▸ **Directions for this task**:
What you give back must match the data exactly, minus the pictures.

▸ **Given information**:
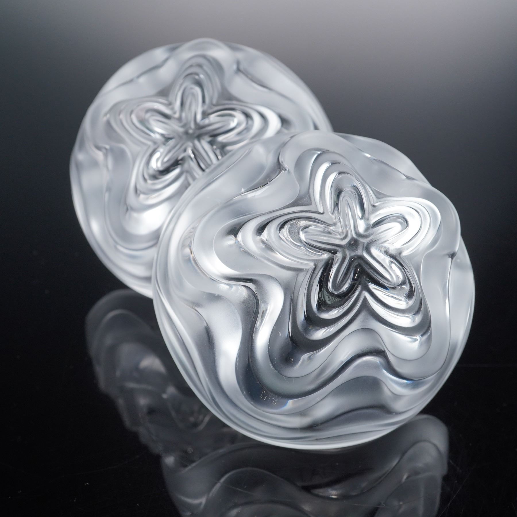 A pair of Lalique Crystal Vibrations bowls, featuring an undulating wave-like form in satin-finished and clear crystal. This elegant design reflects Lalique's mastery of contrasting textures and light play. Both bowls retain their original Lalique Paris presentation box.
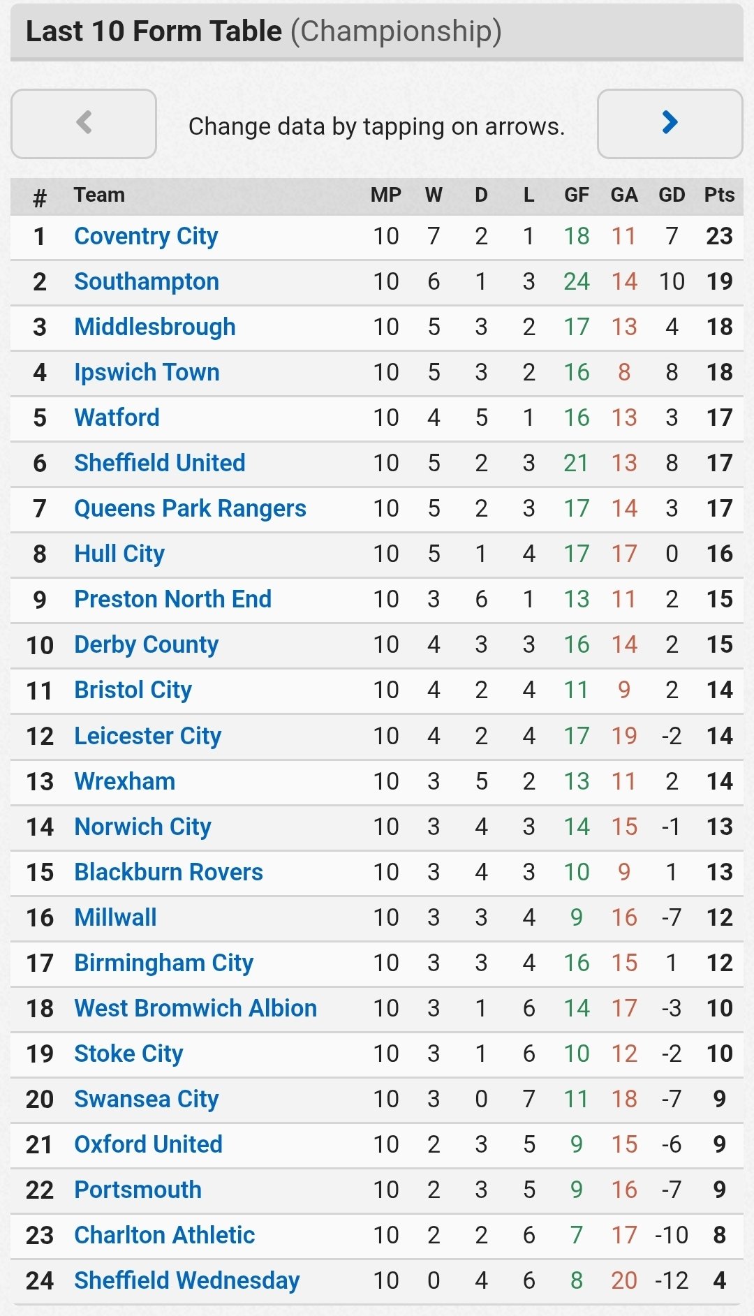 . If we ignore Sheffield Wed, not pretty seeing our lowly position:
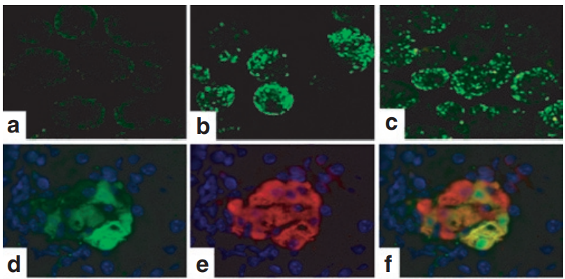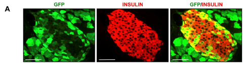 实验结果:小鼠胰岛素启动子(mIP)在dsAAV载体中显示是β细胞特异性,可以有效的让AAV介导绿色荧光蛋白(eGFP)在胰腺β细胞中特异性表达。在年轻雌性NOD小鼠中,dsAAV8-mIP-eGFP对胰腺β细胞的感染效率以及介导eGFP的表达效率,与正常BALB/C小鼠一样,并且能实现β细胞中特异性表达。

▸ **Your response**:
 A pair of Lalique Crystal Vibrations bowls, featuring an undulating wave-like form in satin-finished and clear crystal. This elegant design reflects Lalique's mastery of contrasting textures and light play. Both bowls retain their original Lalique Paris presentation box.
 . If we ignore Sheffield Wed, not pretty seeing our lowly position:
 实验结果:小鼠胰岛素启动子(mIP)在dsAAV载体中显示是β细胞特异性,可以有效的让AAV介导绿色荧光蛋白(eGFP)在胰腺β细胞中特异性表达。在年轻雌性NOD小鼠中,dsAAV8-mIP-eGFP对胰腺β细胞的感染效率以及介导eGFP的表达效率,与正常BALB/C小鼠一样,并且能实现β细胞中特异性表达。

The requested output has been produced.